The teenagers ran for the exit as fast as they could. It was a wonderful, glorious thing to witness. I hoped that neither of them would trip and break an arm. (Although I'll admit that this was not a passionate hope.) The one who got to the door first pulled it open and accidentally smacked his friend with it, adding to my delight.
I was laughing so hard that I suddenly had a very real concern that I was going to choke on my bite of hamburger. I began to cough yet couldn't stop laughing. The sight of those creeps running away would almost be worth having my windpipe explode through my throat, but I hoped to stave off death this afternoon.

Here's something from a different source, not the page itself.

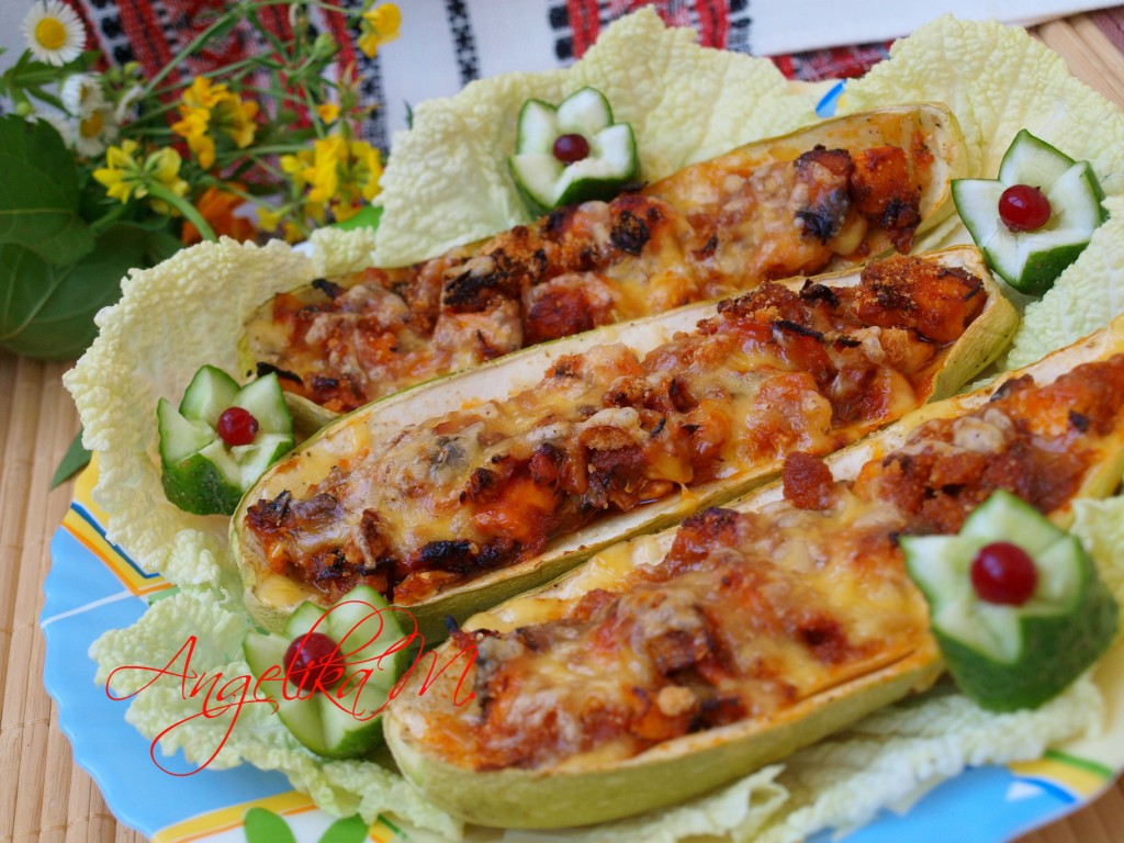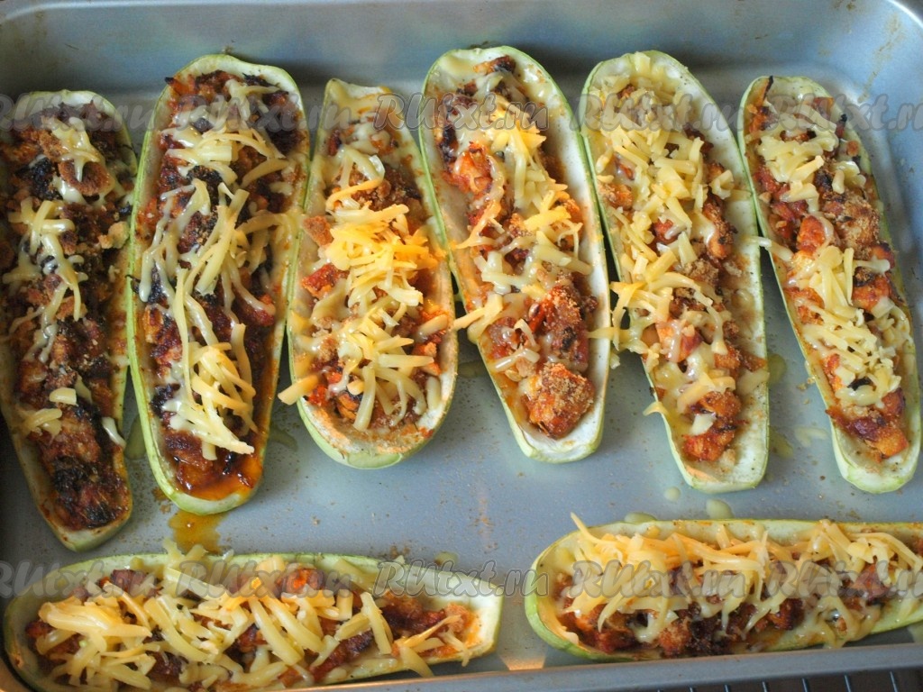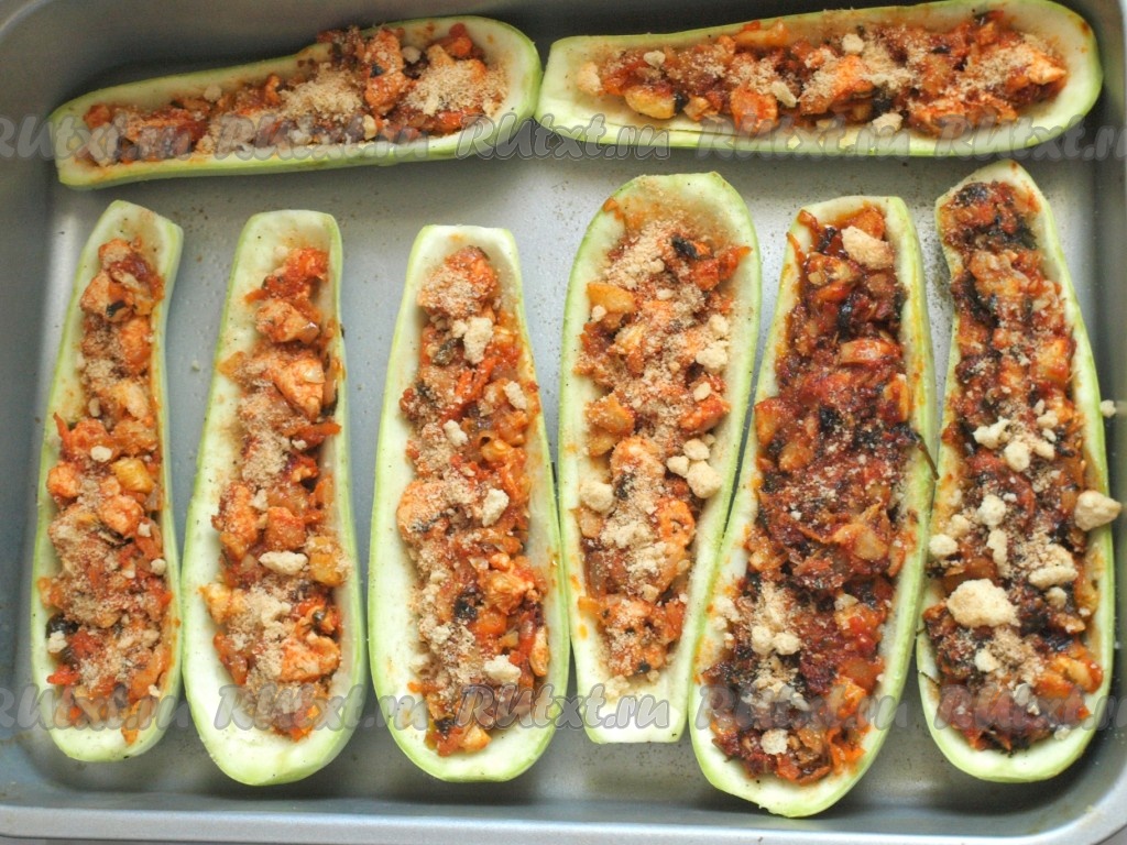 Лодочки из кабачков разместить в подходящей по размеру форме для запекания (или выложить на противень). Полученной смесью из куриного филе и овощей наполнить лодочки из кабачков. Сверху можно дополнительно посыпать измельчёнными сухариками.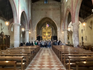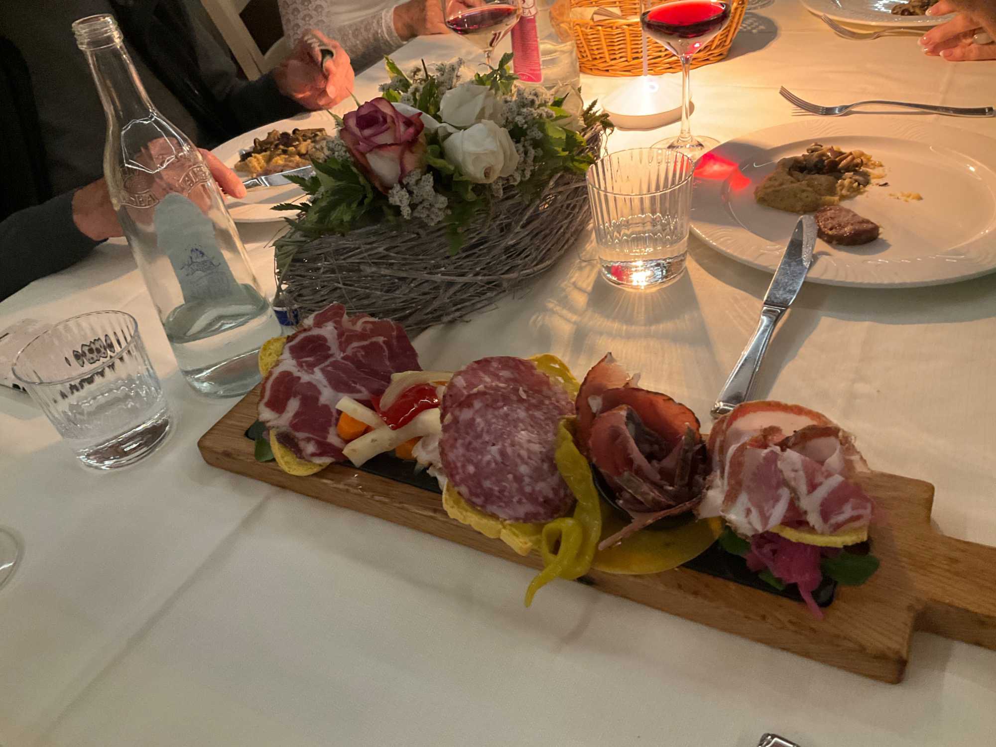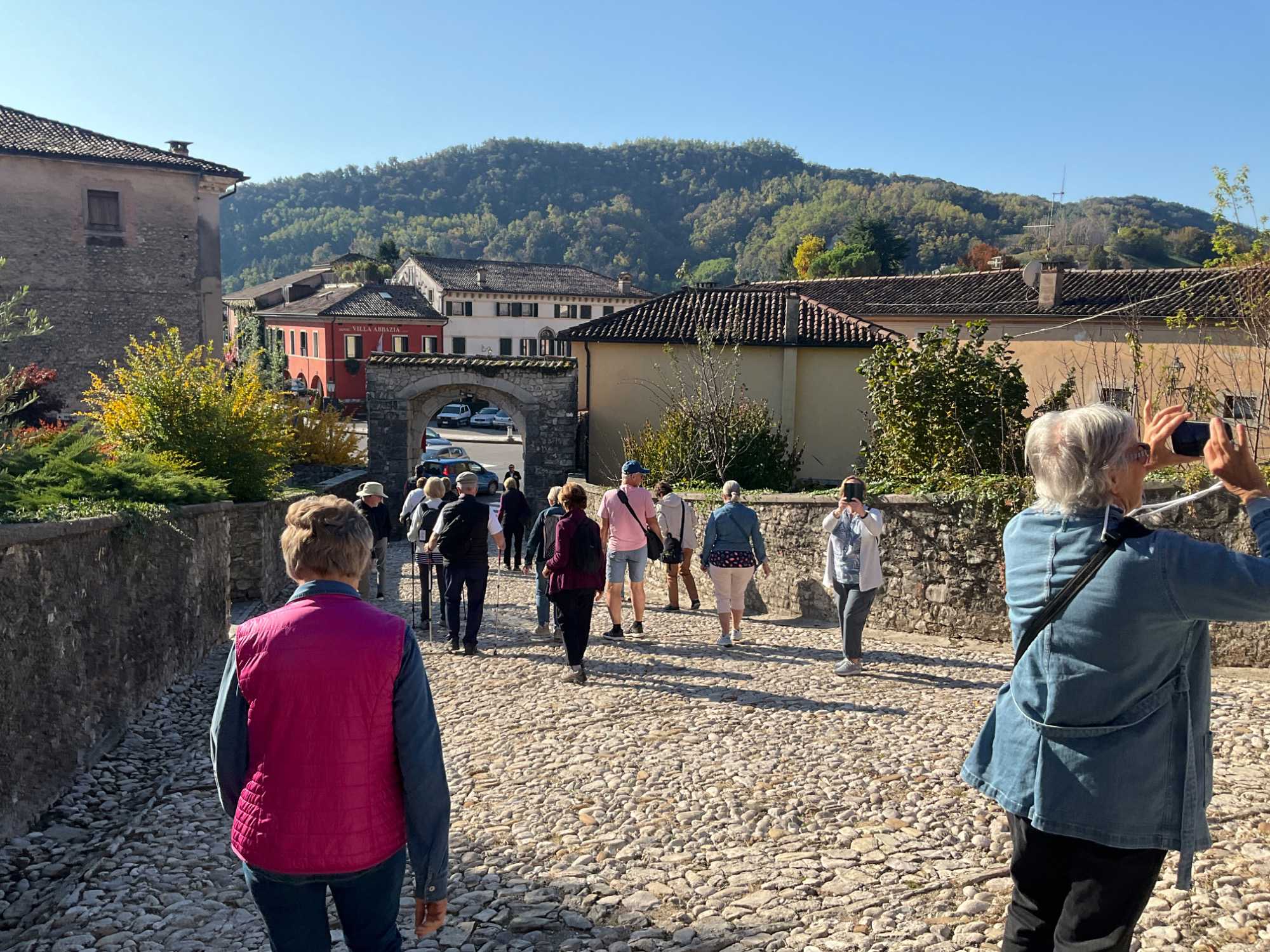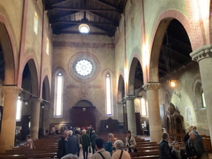 Mais avant, il y a un dernier souper de groupe dans un agrotourisme appelé « La coda dell gatto », La queue du char! Quelques minutes pour s’y rendre et nous voilà en pleine campagne pour goûter les produits du terroir « de la terre à la table ». Une entrée de polenta, champignons, lardons et radichio dans une sauce succulente est suivie d’une planche de salami et de légumes marinés, un risotto (on est déjà rendu au troisième service), puis un risotto et comme mets principal de la pintade et même si vous n’avez plus faim juste lire ces lignes, sachez qu’on a tous enfilé le mille-feuilles qui était un vrai péché! Mamma mia! Quel souper et tout ça dans un chaleureux restaurant typiquement italien genre table champêtre du Québec avec un service impeccable. Quelle belle façon de se dire « arrivederci »

I took a drink of water, coughed a few more times, and decided that I was not going to choke to death. I wiped my eyes. "That was brilliant. You're a mad genius. I can't believe you didn't want to go out today!"
Then I noticed that Rachel was crying.
"Aw, shit, I'm sorry," I told her. I pulled a napkin from the dispenser and handed it to her. She sniffled and dabbed at her eyes. "Do you want to leave?"
"Yes."
The server walked over to our table. "Hey, I apologize for that. They aren't bad kids; just a little obnoxious sometimes. Can I get you anything?"
"Nah, just the check," I said.
"Do you want to-go containers?"
I looked over at Rachel. She shook her head.
"No, thank you," I said.
The server left. Every time kids ran screaming in terror, it worked out badly for me. I was sure that Rachel would find this hilarious in retrospect, but I hoped that "retrospect" wasn't a ninety-year-old Rachel cackling over the memory in her nursing home.
Rachel blew her nose into the napkin. "I ruined lunch," she said.
"No, you didn't."
"I'm sitting here crying. I think lunch is ruined."
"It's not. Not for me, anyway."
Rachel pulled several more napkins out of the dispenser. "This is why I don't go anywhere."
"Do you cry when you're sitting all alone?"
"Sometimes."
"So, you might as well be enjoying an un-melted milkshake while you're doing it."